**PROBLEM:** Write out every entry exactly as given, but omit the pictures.
######
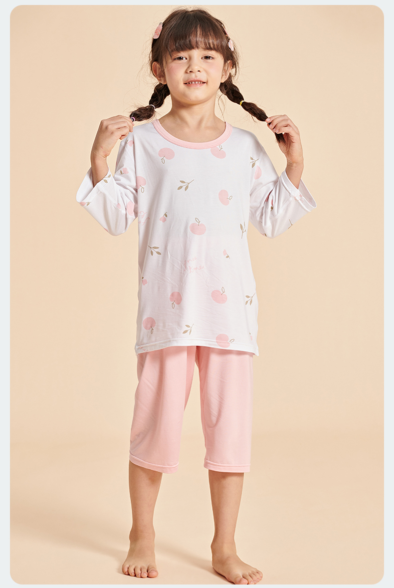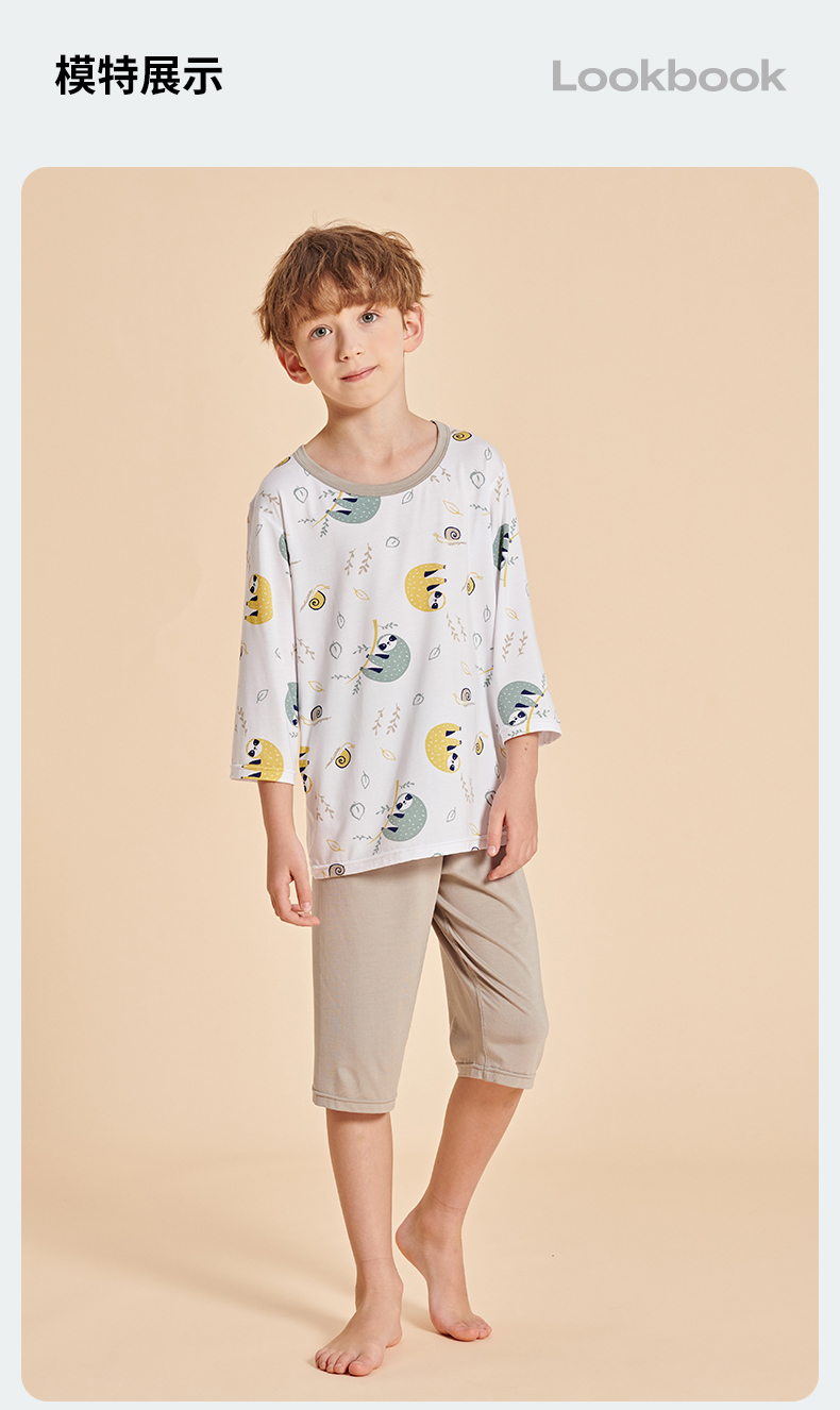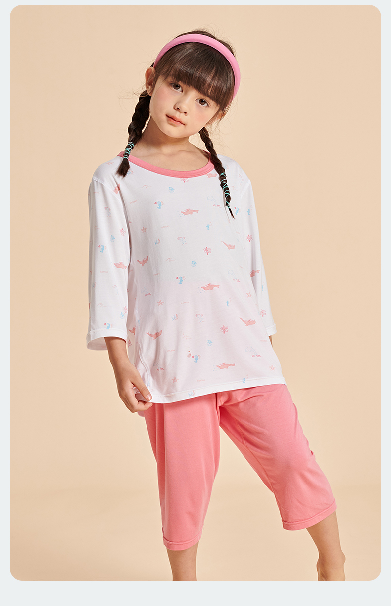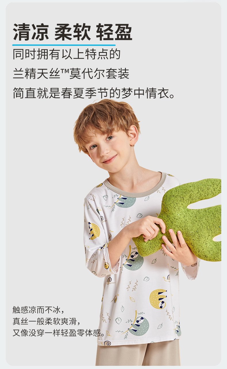 【品名】莫代尔儿童奥地利进口兰精天丝莫代尔凉感7分袖套装
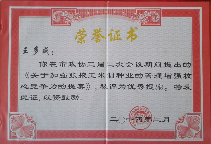 張掖市多成農業有限公司是一家以玉米雜交種生產經營為主的農業科技型民營企業。公司由兩個種子加工廠和1個良種繁育基地及1個優質梨示范基地組成。加工廠占地15.8萬平方米,擁有種子加工線3條,檢驗室2個,年生產、加工能力2000萬公斤。有良種示范基地2000畝,優質梨示范基地500畝。固定資產總值超億元。 公司自成立以來,選育、示范推廣“正德”系列玉米新品種3個,年銷量1000多噸。先后與東北、華北、黃淮等地的多家大型種子企業建立了穩定的……[查看全文] |
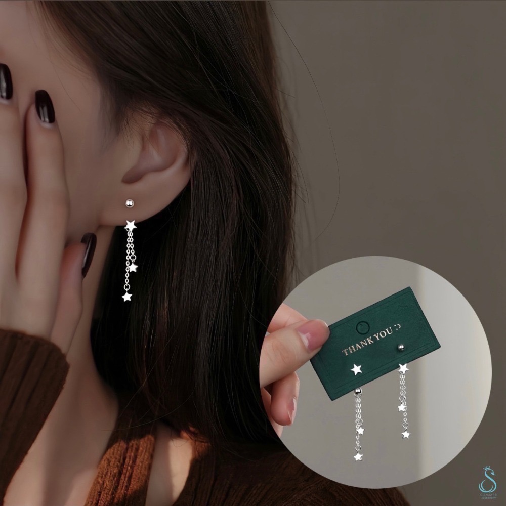 SUMMER 銀飾💫[999足銀]星星流蘇轉珠耳環 鎖珠式耳環 C型耳環 純銀耳環
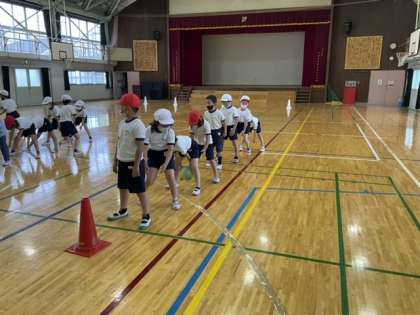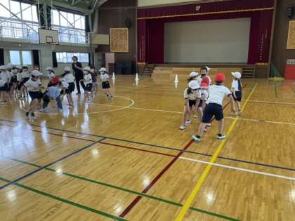 5校時、体育館で運動をしています。
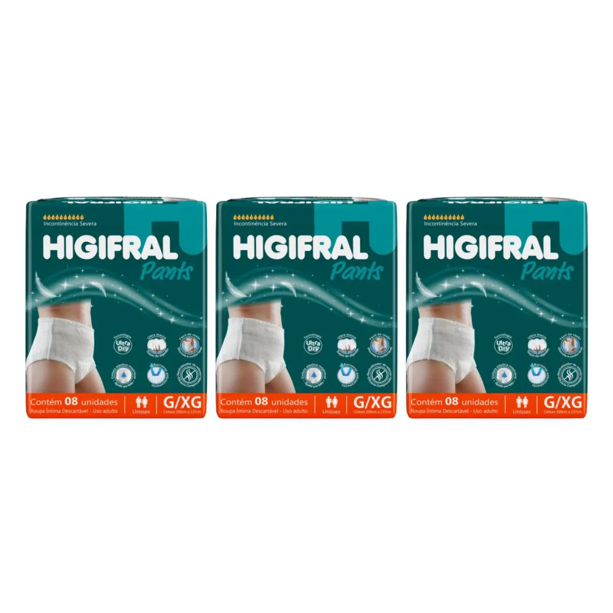 Kit C3 Roupa Íntima Descartável Pants - HigifralRoupa Íntima unissex G/XG C/08 Incontinência Severa – HigifralFralda Geriátrica/Adulto Descartável UnissexNeste produto está sendo enviado 3 (três) pacotes da Fralda Geriátrica tamanho G/XG, com 8 unidades cada.Tamanho: G/XG (cinturas entre 104cm e 137cm).
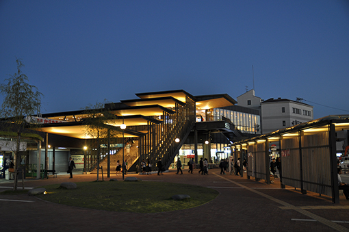 | 西鉄柳川駅西口駅前広場(夜景)。南雲氏デザインの街路照明は、自由通路やシェルターと一体的に 優しい明かりで広場空間を包んでくれる。 | ||||||||||||||||
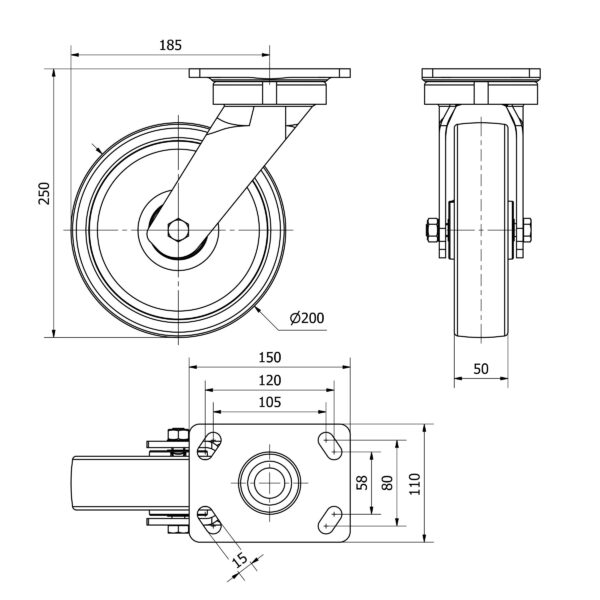 Rueda nylon-poliamida giratoria Alex diametro 200 mm. modelo 4-0145
######
**TASK RESPONSE:**
 【品名】莫代尔儿童奥地利进口兰精天丝莫代尔凉感7分袖套装
 張掖市多成農業有限公司是一家以玉米雜交種生產經營為主的農業科技型民營企業。公司由兩個種子加工廠和1個良種繁育基地及1個優質梨示范基地組成。加工廠占地15.8萬平方米,擁有種子加工線3條,檢驗室2個,年生產、加工能力2000萬公斤。有良種示范基地2000畝,優質梨示范基地500畝。固定資產總值超億元。 公司自成立以來,選育、示范推廣“正德”系列玉米新品種3個,年銷量1000多噸。先后與東北、華北、黃淮等地的多家大型種子企業建立了穩定的……[查看全文] |
 SUMMER 銀飾💫[999足銀]星星流蘇轉珠耳環 鎖珠式耳環 C型耳環 純銀耳環
 5校時、体育館で運動をしています。
 Kit C3 Roupa Íntima Descartável Pants - HigifralRoupa Íntima unissex G/XG C/08 Incontinência Severa – HigifralFralda Geriátrica/Adulto Descartável UnissexNeste produto está sendo enviado 3 (três) pacotes da Fralda Geriátrica tamanho G/XG, com 8 unidades cada.Tamanho: G/XG (cinturas entre 104cm e 137cm).
 | 西鉄柳川駅西口駅前広場(夜景)。南雲氏デザインの街路照明は、自由通路やシェルターと一体的に 優しい明かりで広場空間を包んでくれる。 | ||||||||||||||||
 Rueda nylon-poliamida giratoria Alex diametro 200 mm. modelo 4-0145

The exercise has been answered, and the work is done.